Миссис Коллинз улыбнулась и открыла свою сумочку из крокодиловой кожи. Оттуда она достала кусок картона размером с почтовую открытку. С одной стороны кусок, как я заметил, был исписан, на другой же я увидел миндальное деревце, нарисованное светящейся акварелью, тонкие веточки — черной, маленькие листочки — красно-коричневой, а обильные цветы — светло-розовой. Рисунок заворожил меня своей атмосферой. Мне показалось, будто все растущее и зарождающееся, все милое и хорошее, что есть на свете, сосредоточилось в этом деревце, над которым парило нежно-голубое небо. Глядя на это деревце, ты невольно испытывал радость. Оно заставляло позабыть все темное и печальное. Это был символ надежды. Я долго разглядывал его и чувствовал, как во мне оживают радость и тепло. Радость жизни, воспоминания о давно минувшем, но лишь о том, что было прекрасно, что приносило счастье.
— Переверните открытку, — сказала мне эта странная дама с бело-лиловыми волосами. Даже голос ее был полон шарма.
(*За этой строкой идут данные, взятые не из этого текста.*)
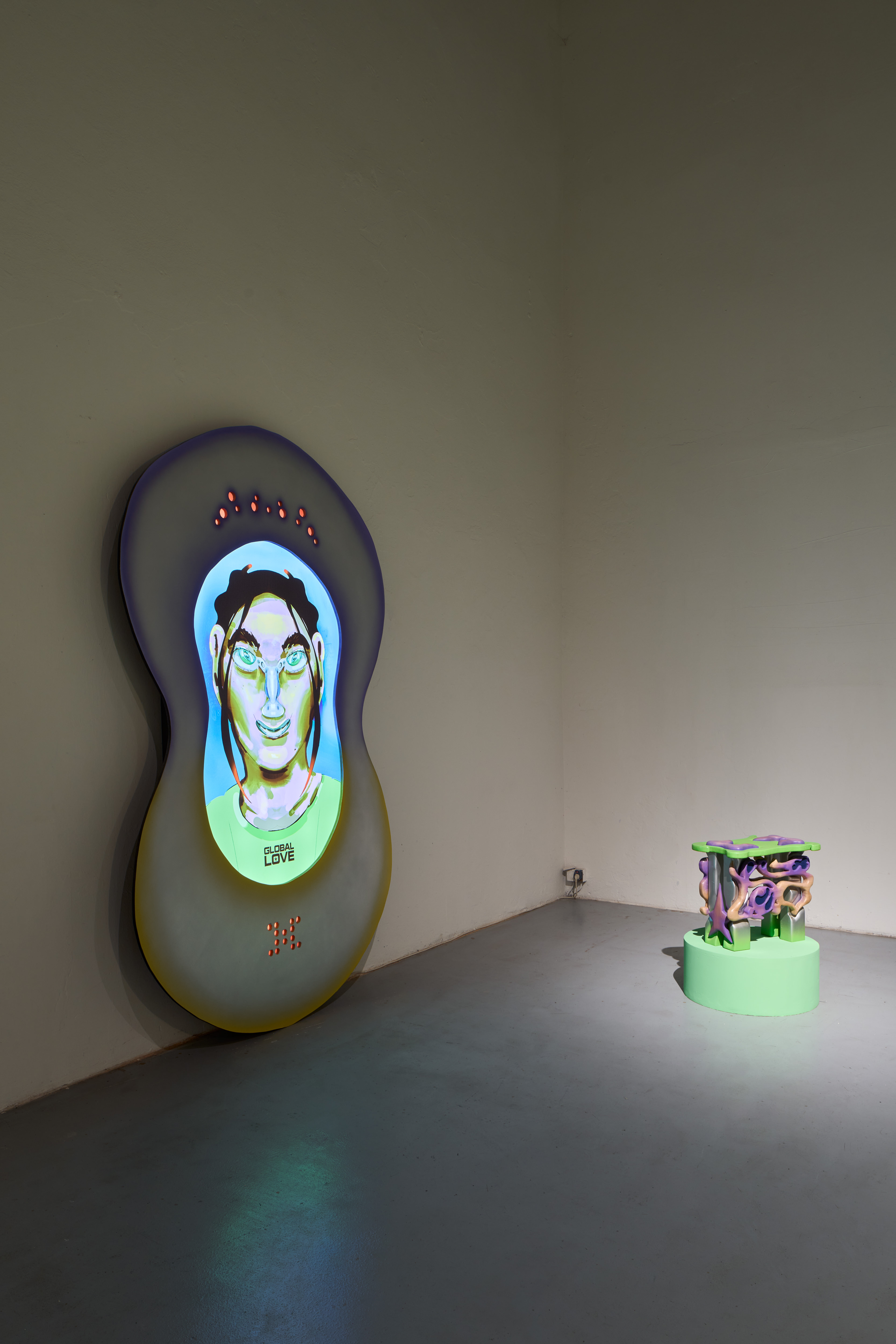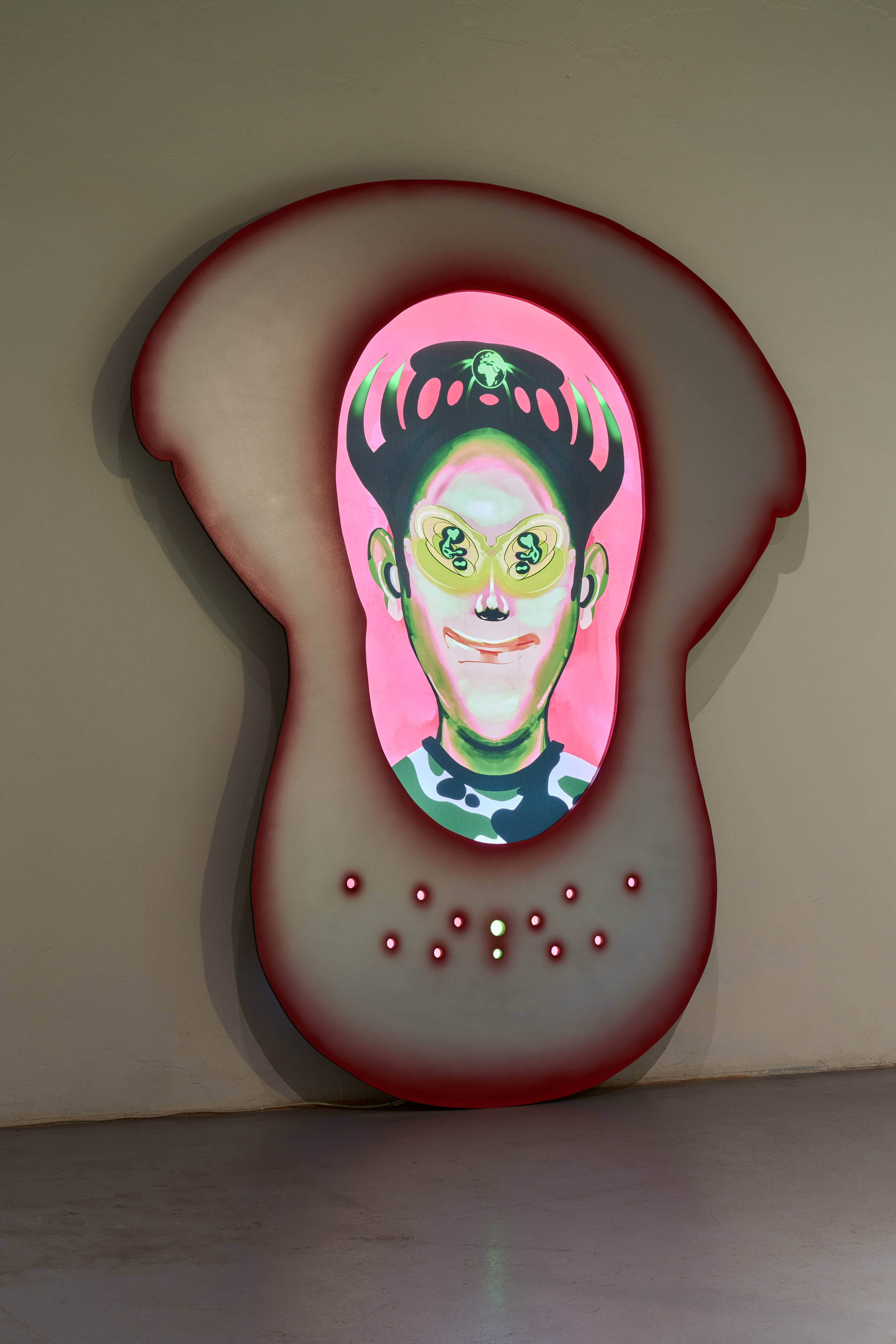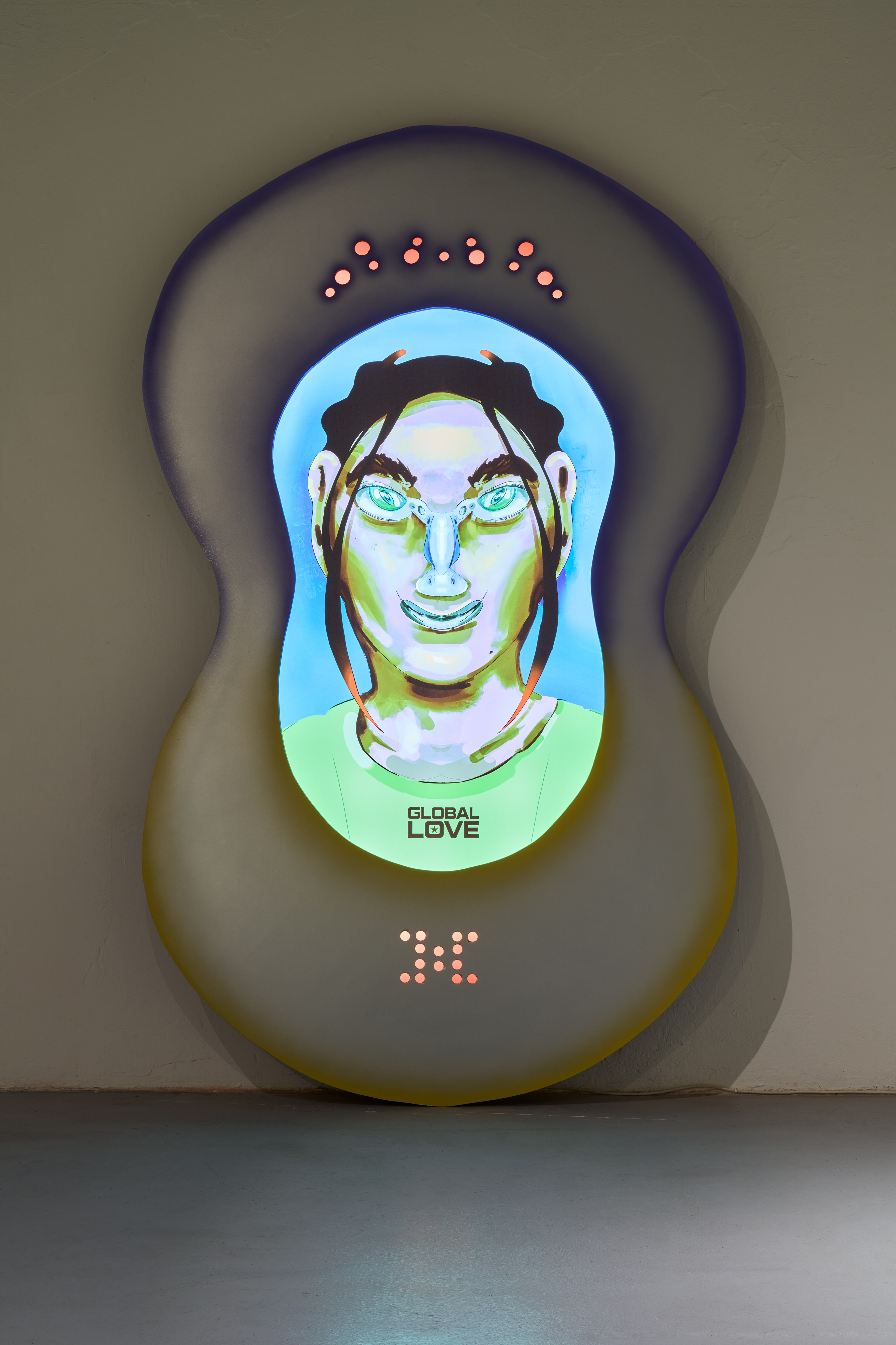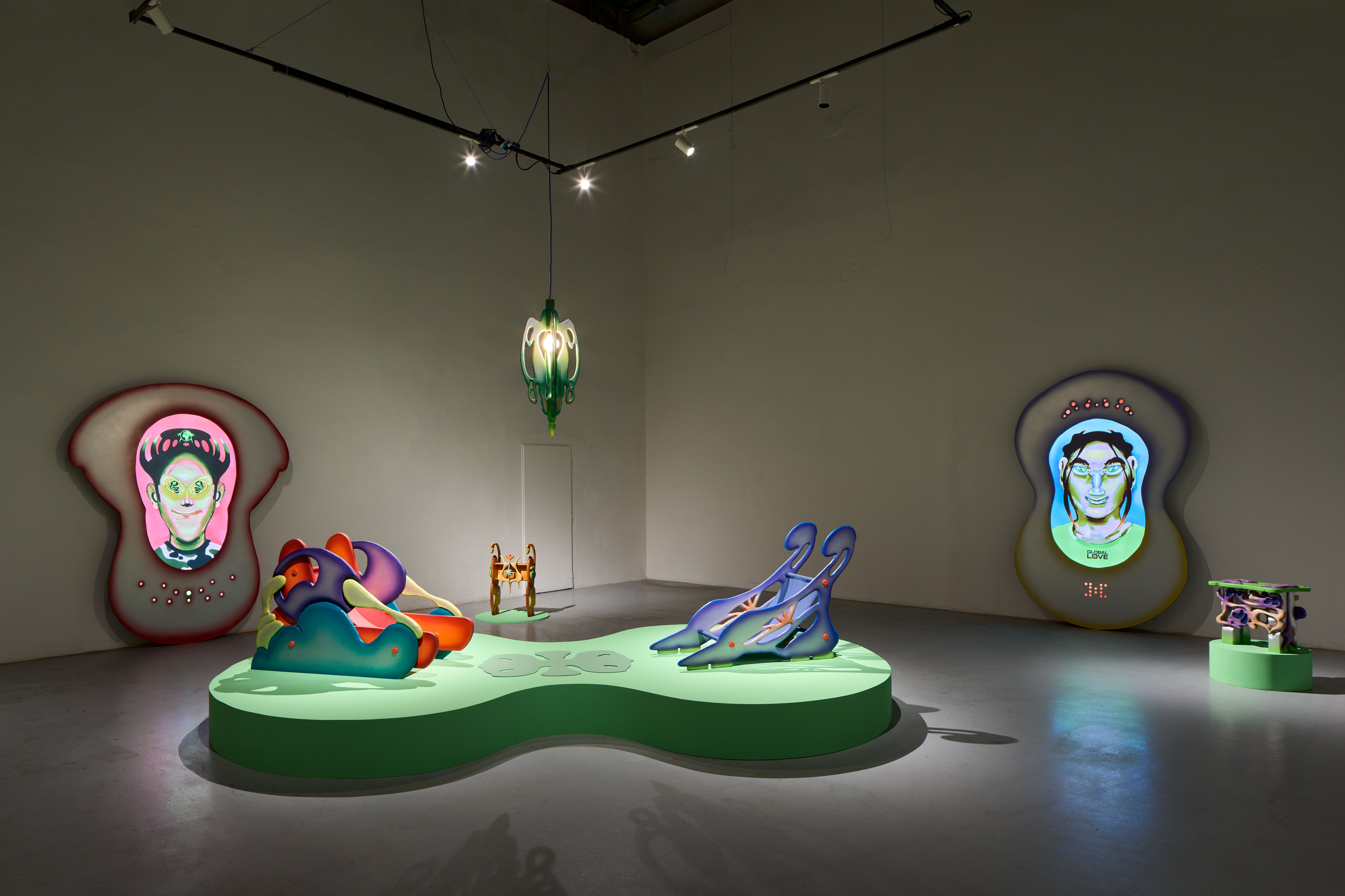 At the heart of the installation is a pair of chaise longues positioned opposite each other. Deliberately left empty, they do not invite the audience to sit; we can, however, lie down in them in our minds and “just look” – and yet, on a certain level, a dialogue may unfold between us. Two luminous portals open on the walls, which are at once stylised portraits of figures looking not “past the viewer” but at one another. Their faces and expressions disregard anatomy, drawing partly on the visual…
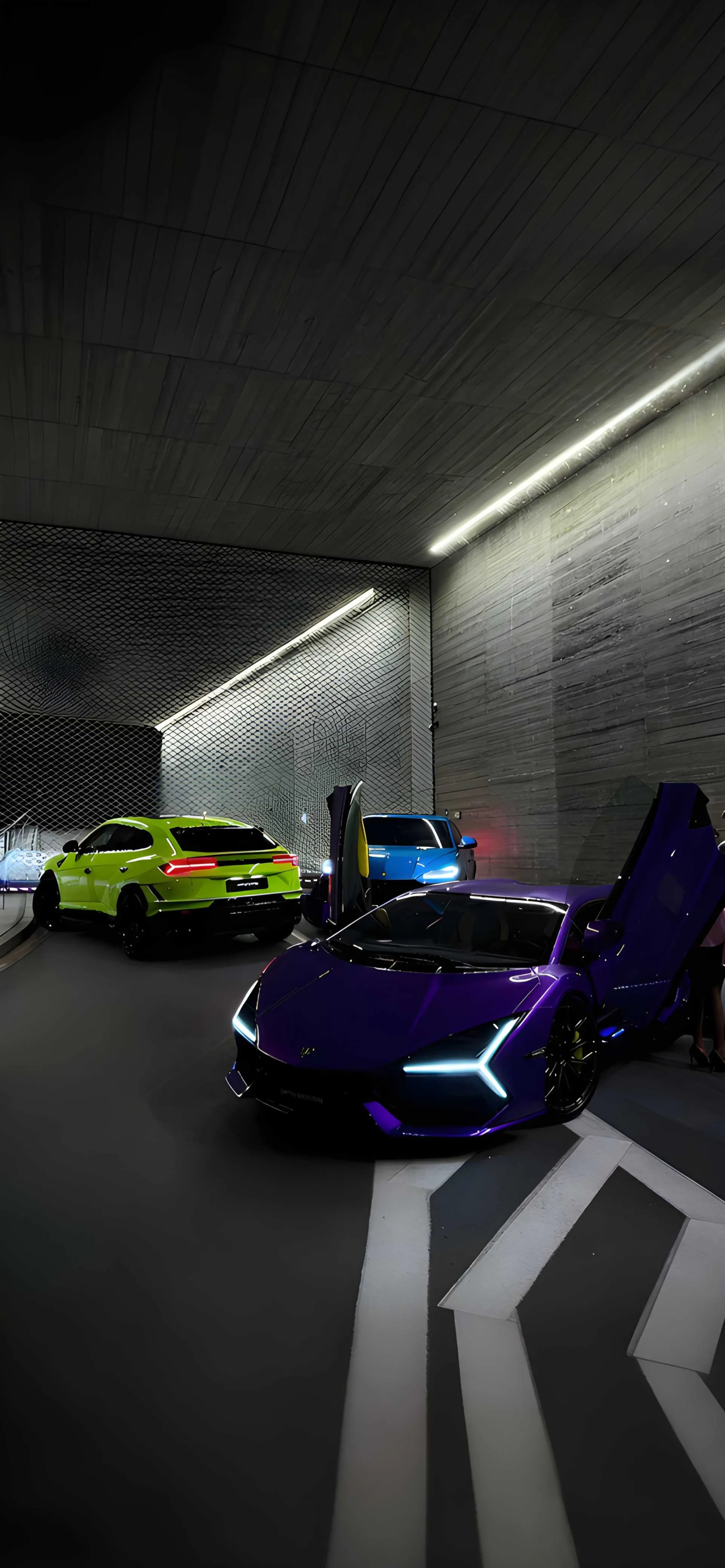 A high-octane underground scene featuring the cutting-edge Lamborghini Revuelto in deep purple and a vibrant lime green Lamborghini Urus. The sleek concrete tunnel architecture and glowing neon accents create a high-tech, luxury street-racing aesthetic perfect for enthusiasts of modern Italian engineering.
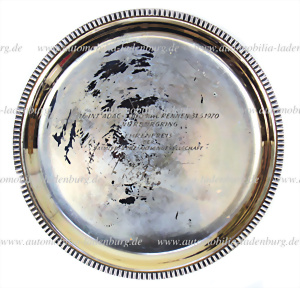 Silberteller (Silber 835), „16.Int. ADAC-1000KM Rennen 31.05.1970 Nürburgring – Ehrenpreis der Daimler-Benz Aktiengesellschaft“, Durchmesser 27cm, Hans Herrmann / Richard Attwood auf Porsche 908/3, 2.Platz in der Gesamtwertung
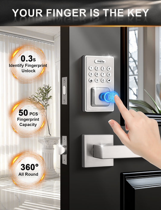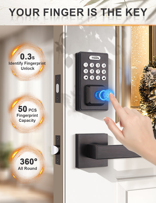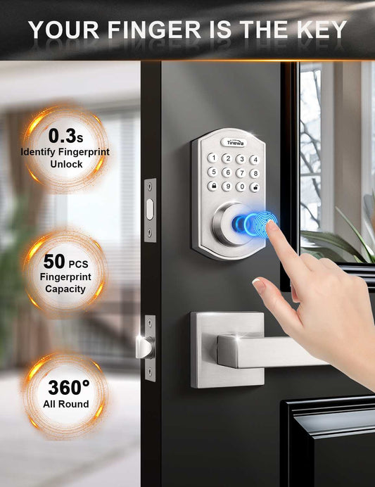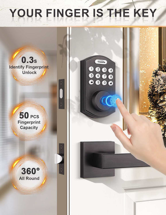 Tinewa Keyless Entry Door Lock with Handle, Fingerprint Door Lock with Door Knobs, Electronic Keypad Deadbolt Smart Front Door Lock Set, Front Door Handleset for Homes, Apartments, Easy to Install
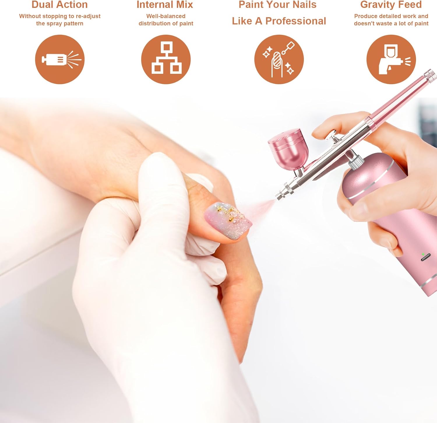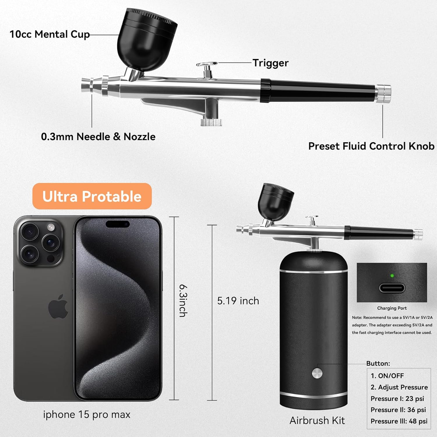 - 𝐔𝐩𝐠𝐫𝐚𝐝𝐞𝐝 𝐀𝐢𝐫𝐛𝐫𝐮𝐬𝐡 𝐊𝐢𝐭 𝐰𝐢𝐭𝐡 𝐂𝐨𝐦𝐩𝐫𝐞𝐬𝐬𝐨𝐫:Our airbrush kit features a rechargeable battery that provides over 60 minutes of continuous use. Easily charge it via USB with a power bank, laptop, or any USB charger (Type-C). The cordless airbrush body includes an indicator light to show battery power, allowing you to unleash your artistic skills wherever you are. Note: Please use a 5V/1A or 5V/2A adapter to avoid damaging the battery.
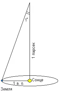 В астрономії застосовують особливу одиницю вимірювання відстані до зір — парсек (пк). Зоря, яка перебуває на відстані 1 пк, має паралакс рівний 1". Відповідно, 1 пк = 206 265 а.о. = 30 трлн км.
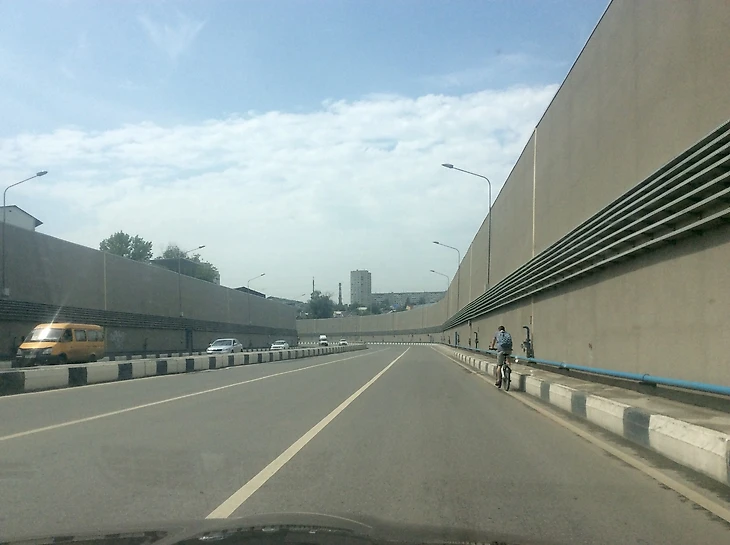 Хотя на Первой продольной магистрали асфальта еще нет. То есть его сняли, а новый не положили. Так мы немного угробили свои стойки.
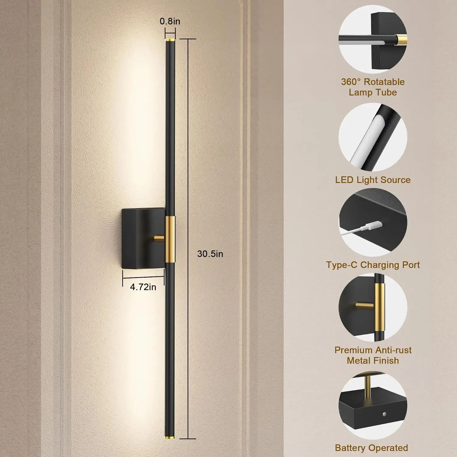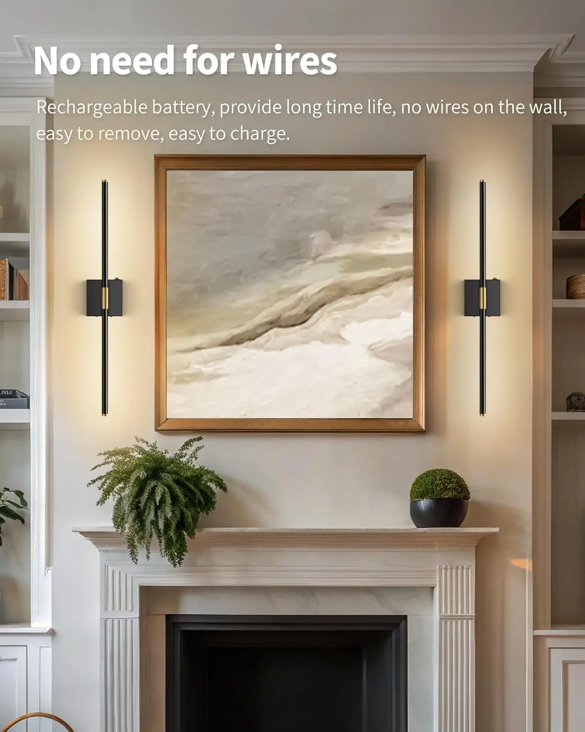 2件式360旋转8000毫安时发光二极管可调光图片灯USB充电电池供电客厅卧室壁灯
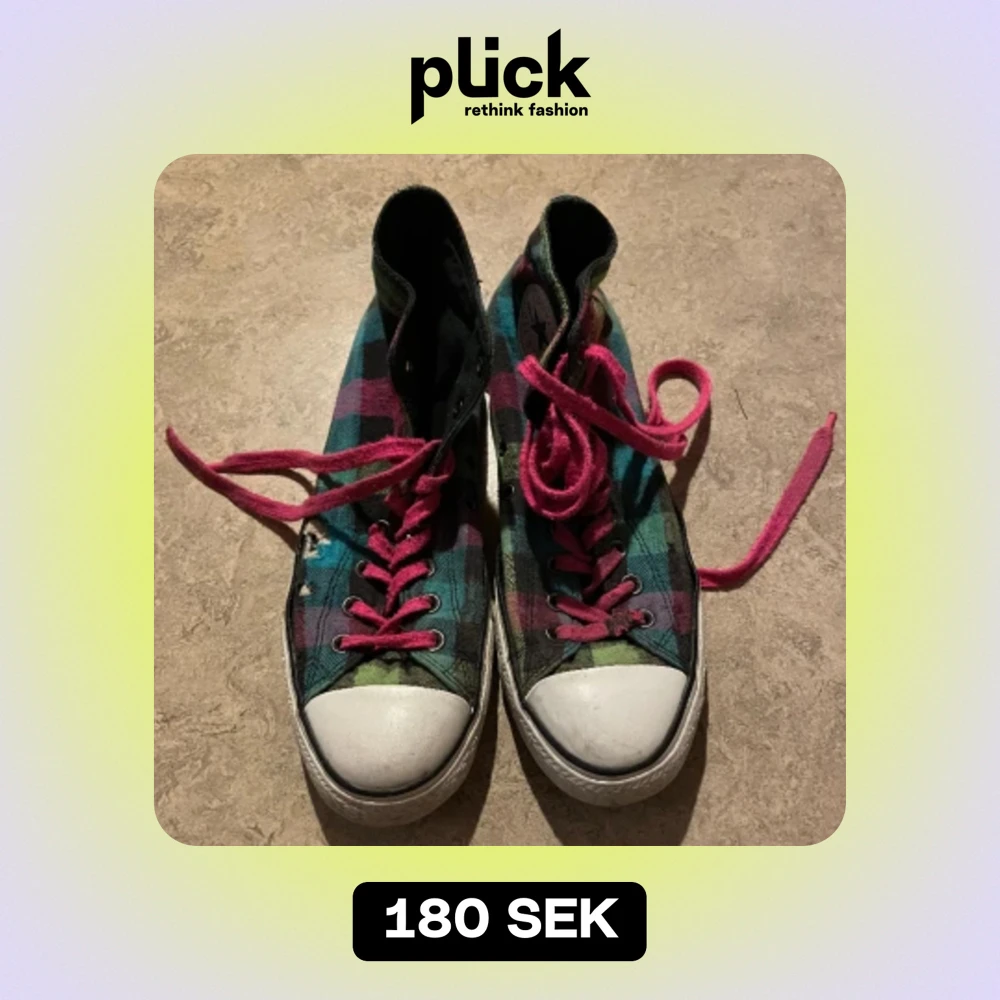 Snygga ÄKTA vintage Converse med rutigt mönster. Ett par hål från skejtandet, dock bara i de översta två lagren av skon. Innersulor fattas. Skorna är i storlek 42.5 men sitter snarare som 41.5!
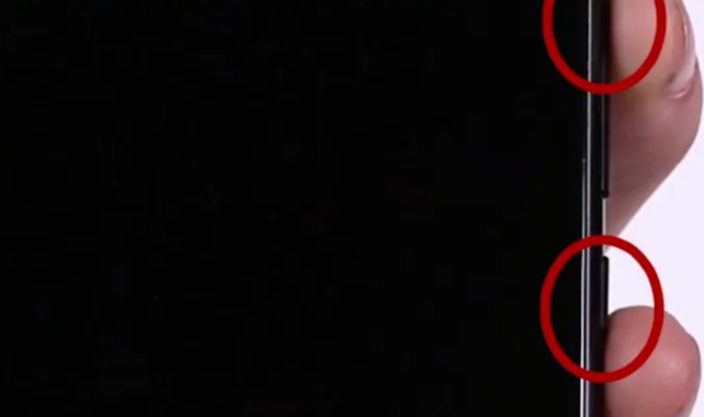 然后同时长按电源键和声音键。

Она была весела, как молоденькая девушка, которая радуется грядущей любви.
Я перевернул и прочел написанное там от руки:
— Это Эдгар По, — сказала миссис Коллинз и отхлебнула из своего бокала.
Я попытался сделать перевод: «Ни ангелы в небе, ни демоны в морской пучине не в силах разлучить мою душу с душой прекрасной Аннабел Ли».
— Это деревце нарисовал человек, которого я любила больше всех, — сказала миссис Коллинз. — И подарил его мне. И написал эти слова. Эти прекрасные слова. Потому что я и есть его Аннабел Ли.
Теперь ее улыбка была совершенно обращена внутрь и наполнена всем спокойствием этого мира. Так улыбаются мадонны итальянских мастеров, созерцая свое дитя.